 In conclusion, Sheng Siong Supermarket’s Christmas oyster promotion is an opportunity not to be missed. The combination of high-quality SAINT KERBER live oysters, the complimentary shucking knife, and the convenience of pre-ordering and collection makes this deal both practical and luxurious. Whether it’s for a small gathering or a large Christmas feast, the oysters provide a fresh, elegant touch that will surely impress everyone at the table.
★ ★ ★
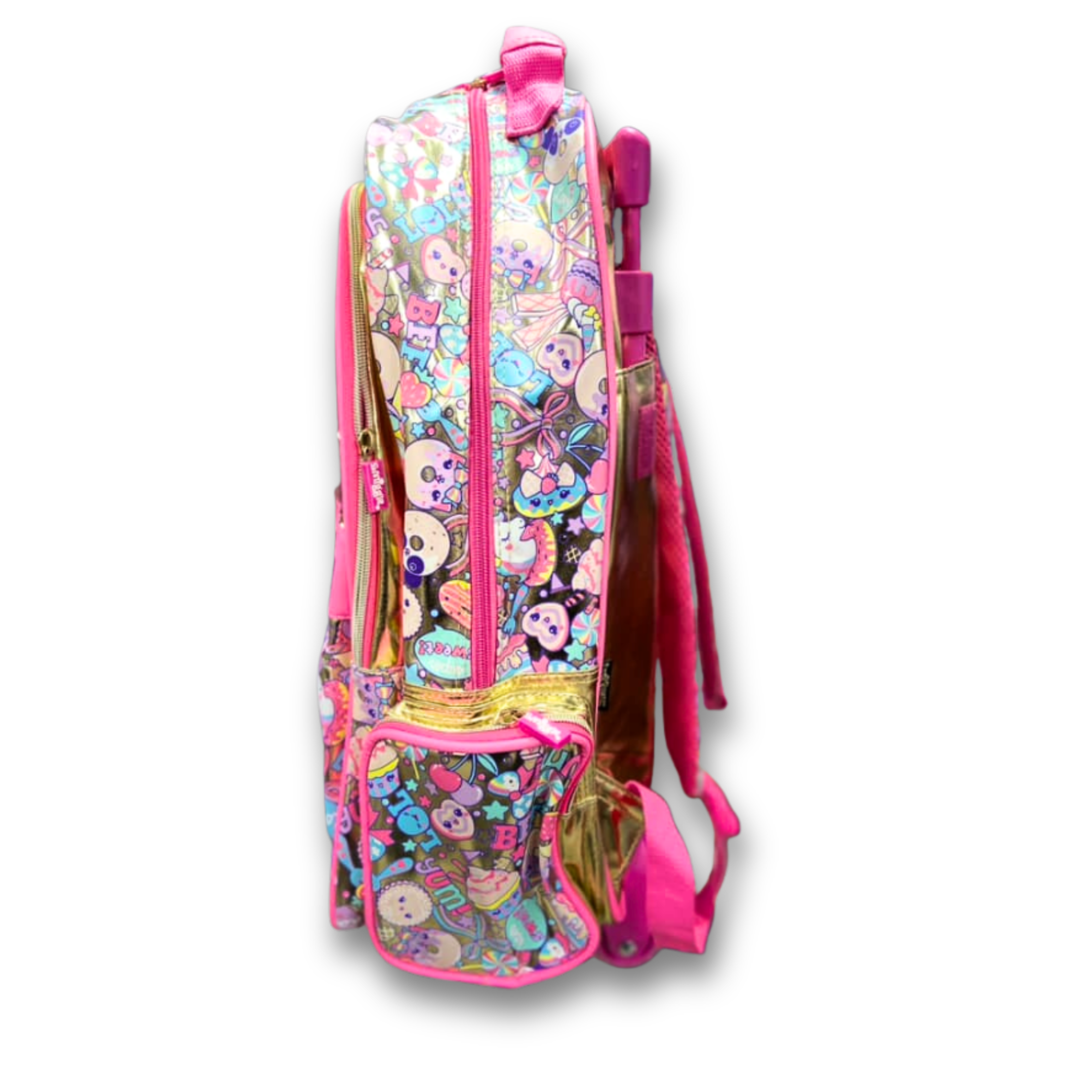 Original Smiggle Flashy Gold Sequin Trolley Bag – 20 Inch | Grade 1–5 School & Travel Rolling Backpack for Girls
★ ★ ★
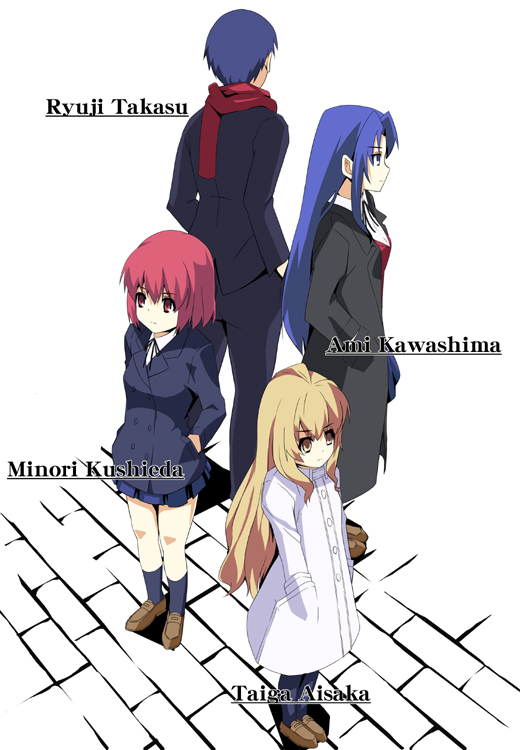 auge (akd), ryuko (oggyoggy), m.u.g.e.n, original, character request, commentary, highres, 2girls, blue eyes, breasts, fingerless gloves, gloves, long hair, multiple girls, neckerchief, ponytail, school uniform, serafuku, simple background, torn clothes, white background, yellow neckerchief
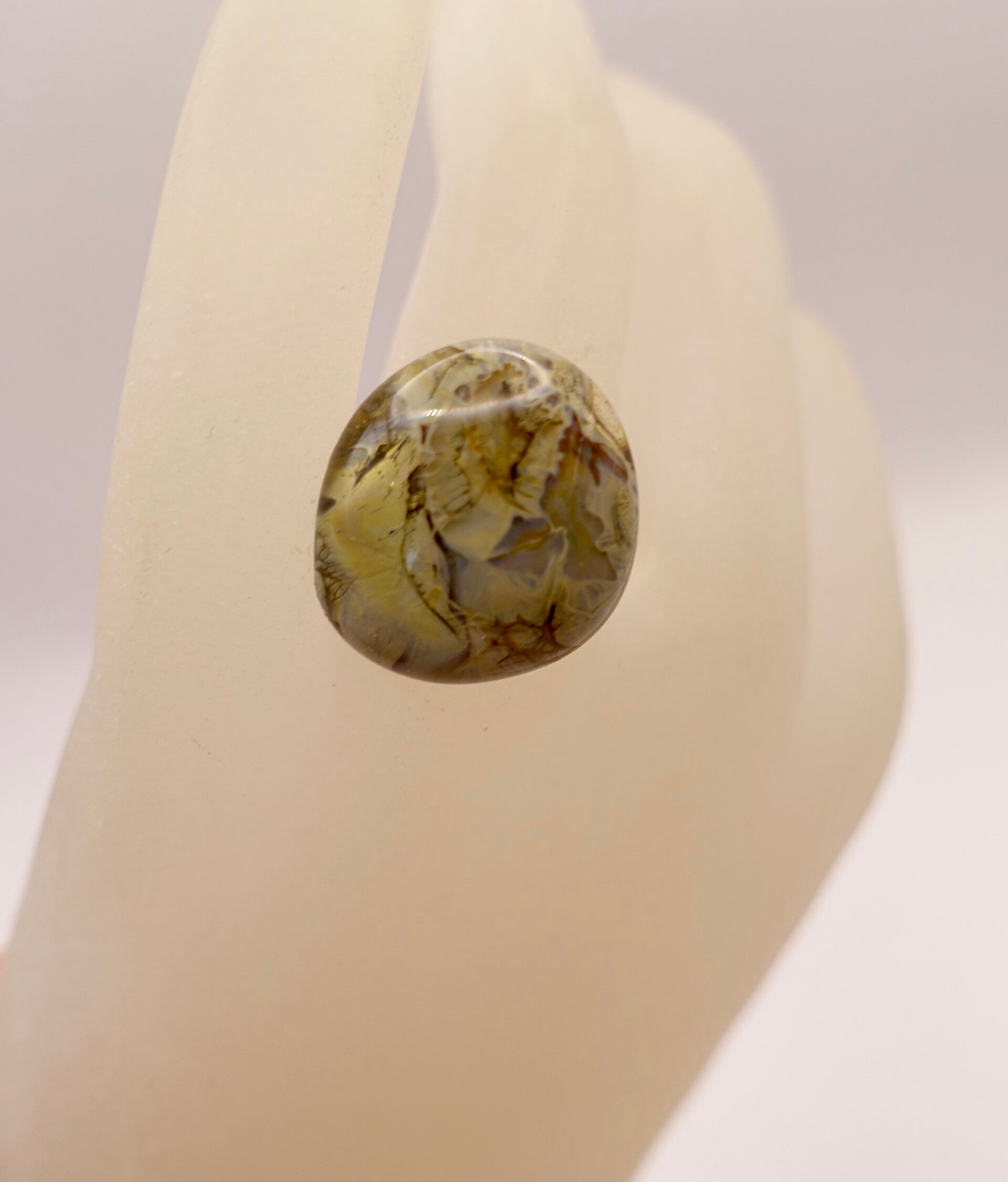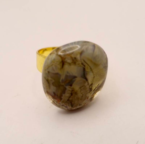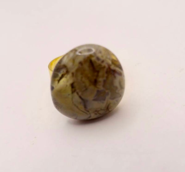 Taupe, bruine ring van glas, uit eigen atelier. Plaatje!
★ ★ ★
▸ Exercise aim
With pictures omitted, repeat the entries above word for word from the line holding "auge (akd), ryuko" down to the line holding "Taupe, bruine ring", keeping both of those lines.

▸ Solution to this exercise
 auge (akd), ryuko (oggyoggy), m.u.g.e.n, original, character request, commentary, highres, 2girls, blue eyes, breasts, fingerless gloves, gloves, long hair, multiple girls, neckerchief, ponytail, school uniform, serafuku, simple background, torn clothes, white background, yellow neckerchief
 Taupe, bruine ring van glas, uit eigen atelier. Plaatje!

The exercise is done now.